Would It Have Been Enough?

Many of my close family members, and many of my cousins live in Israel, including my brother, my aunt and uncle, cousins who I grew up with, their kids and grandkids. An even greater proportion of my wife’s family live there as well. We are blessed when we have opportunities to share family simchas with them, to see them when they are on this side of the world, and to visit with them when we are in Israel. And I have many, many friends who I likewise grew up with, worked with, or got to know, who live there as well. I’d have to say the number of people I know - well or by acquaintance - in Israel is in the thousands.

For more than two and a half years, their safety and security, their health, their feelings and their resilience have been in my most earnest prayers; their stubborn persistence in the face of hardship, terror, and threat has been my inspiration. And the incredible sacrifice of their husbands, wives, sons and daughters on the battlefields and in the skies has left an enormous debt of gratitude in my heart.

I’ve taken many opportunities - in public fora, in my weekly messages, in the halls of Congress and in offices and boardrooms across State and County - to highlight these remarkable qualities. I’ve done so even as the environment around us here in America and throughout the diaspora has changed and evolved in ugly and dangerous ways, and as our need to secure our own community has become even more urgent. And I’ve done so even as the responsibilities of safeguarding our community in the face of attacks such as Michigan, Toronto, and others can feel personally overwhelming.

That’s me; But I know that so many of you have recognized the same historic strength among our sisters and brothers -

  • You’ve come out to rally for them, in your hundreds of thousands;
  • You’ve donated, among the entire North American Jewish community billions of dollars to support their immediate and ongoing needs in the wake of terror and destruction;
  • You’ve demanded better of the craven, hypocritical, and shameless people who were happy to welcome your solidarity when they needed it but turned away or became adversarial when we needed the same;
  • You’ve reached out and advocated to Senators, Congresspeople, and the White House when our family in Israel needed it most;
  • You’ve prayed, with a fervent intensity unlike almost anything you had ever done before.

You have done all of this, and more, while increasingly concerned about our own community and its own safety. You have done incredible things. In the spirit of Passover, it might have been appropriate to say after each of these - ‘Dayenu!’ It would have been enough! But none of us felt it was enough, so we did more.

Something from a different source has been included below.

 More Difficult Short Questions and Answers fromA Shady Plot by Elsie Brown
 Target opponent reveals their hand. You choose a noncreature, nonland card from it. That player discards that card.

Over the last several days, both from my family and from my friends, I’ve heard their pain and even anguish - not at being in the midst of battle, with ballistic missiles falling overhead, which they have come to terms with - but at feeling like almost no one is expressing care, concern and empathy for their experiences. That is how many, especially those with deep roots over here, are feeling.

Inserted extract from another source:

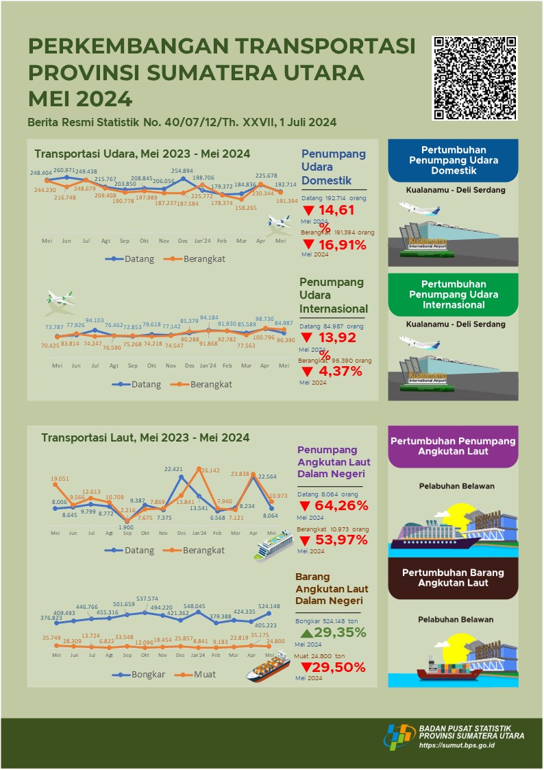 Jumlah penumpang domestik yang datang ke Sumatera Utara melalui pintu Bandara Internasional Kualanamu pada Mei 2024 mencapai 192.714 orang, atau turun 14,61 persen dibanding bulan...

Those with small children, out of school, needing to run to the Mamad 10 times a day.

Those with children in the IDF, knowing that many of them are headed into combat in Lebanon if not already there (like some of my family are), or responsible for defending the seas and the skies.

Those with elderly parents, slow to move and get to shelter.

Those whose livelihoods have been wrenched away, wondering when any sense of normalcy will permit them to once again think of their dreams and aspirations, instead of how close the last missile impact was to their home.

Those who already lost loved ones, either on 10/7, in combat since then, in previous barrages, in previous wars.

93% of them understand and support the actions taken by the IDF, to end Iran’s nuclear aspirations, reduce its ballistic missile capability to the lowest point possible, and to cut the noose Iran tried to throttle Israel with to shreds and smithereens. They don’t look at war as a video game, with timetables short enough to finish and go sit down to dinner. They don’t expect it to be easy, or without loss. They know more about sacrifice than most of us. And I hope that they know these last years have been challenging, in a different way, for each of us over here as well.

But they are hurting, now, and even with all that we’re going through, it is another, powerful and meaningful act of love and solidarity to message, call, email or Facetime with your family and friends in Israel. Not only because it will strengthen them, but because it will strengthen you.

May we all, in this season of liberation and freedom, be blessed to once again experience the peace, tranquility, and wholeness that is our birthright; and in victory over the evil regime that massacres its own while trying for 47 years to destroy us and our family, be able, as the Prophet Micah told us, sit “under our own vine and fig tree, with no one to disturb us.”